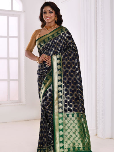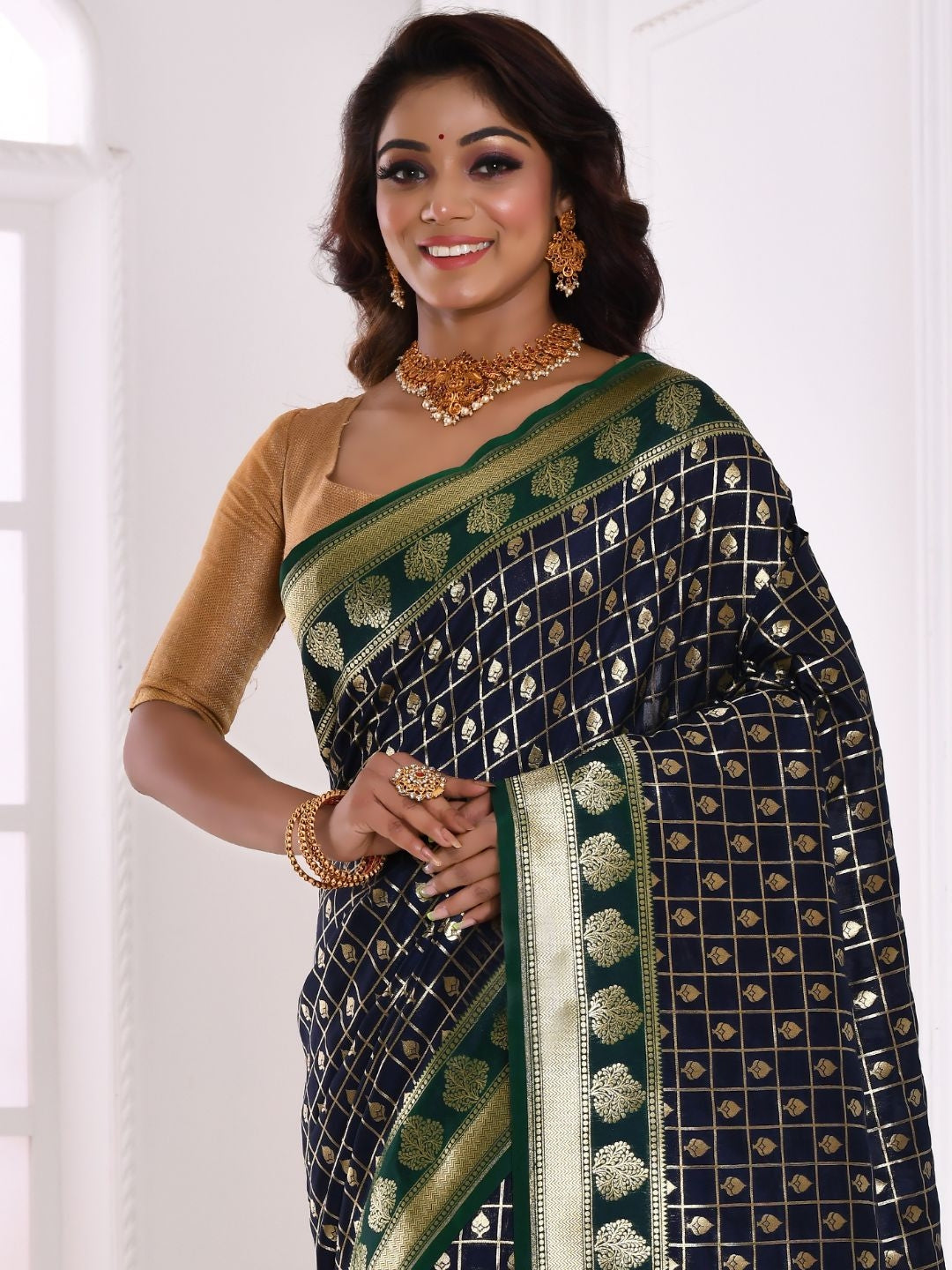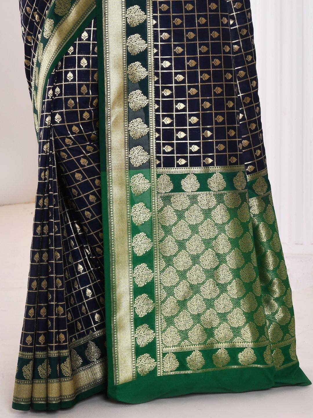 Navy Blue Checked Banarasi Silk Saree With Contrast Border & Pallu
* * *
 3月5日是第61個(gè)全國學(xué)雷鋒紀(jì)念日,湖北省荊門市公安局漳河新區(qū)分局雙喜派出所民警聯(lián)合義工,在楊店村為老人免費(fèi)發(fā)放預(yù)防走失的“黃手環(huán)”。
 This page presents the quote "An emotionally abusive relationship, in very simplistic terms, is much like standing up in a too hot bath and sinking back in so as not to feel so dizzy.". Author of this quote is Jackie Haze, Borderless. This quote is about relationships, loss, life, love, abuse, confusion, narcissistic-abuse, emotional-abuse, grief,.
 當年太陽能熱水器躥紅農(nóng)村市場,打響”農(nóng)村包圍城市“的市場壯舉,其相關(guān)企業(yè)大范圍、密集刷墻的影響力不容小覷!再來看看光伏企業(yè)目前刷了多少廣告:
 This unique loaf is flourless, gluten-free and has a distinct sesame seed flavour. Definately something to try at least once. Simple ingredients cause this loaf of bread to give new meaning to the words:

## WORK ITEM
Reproduce exactly the section above that begins at the line containing "This page presents" and ends at the line containing "This unique loaf", leaving out all other lines.

## RESULT
 This page presents the quote "An emotionally abusive relationship, in very simplistic terms, is much like standing up in a too hot bath and sinking back in so as not to feel so dizzy.". Author of this quote is Jackie Haze, Borderless. This quote is about relationships, loss, life, love, abuse, confusion, narcissistic-abuse, emotional-abuse, grief,.
 當年太陽能熱水器躥紅農(nóng)村市場,打響”農(nóng)村包圍城市“的市場壯舉,其相關(guān)企業(yè)大范圍、密集刷墻的影響力不容小覷!再來看看光伏企業(yè)目前刷了多少廣告:
 This unique loaf is flourless, gluten-free and has a distinct sesame seed flavour. Definately something to try at least once. Simple ingredients cause this loaf of bread to give new meaning to the words:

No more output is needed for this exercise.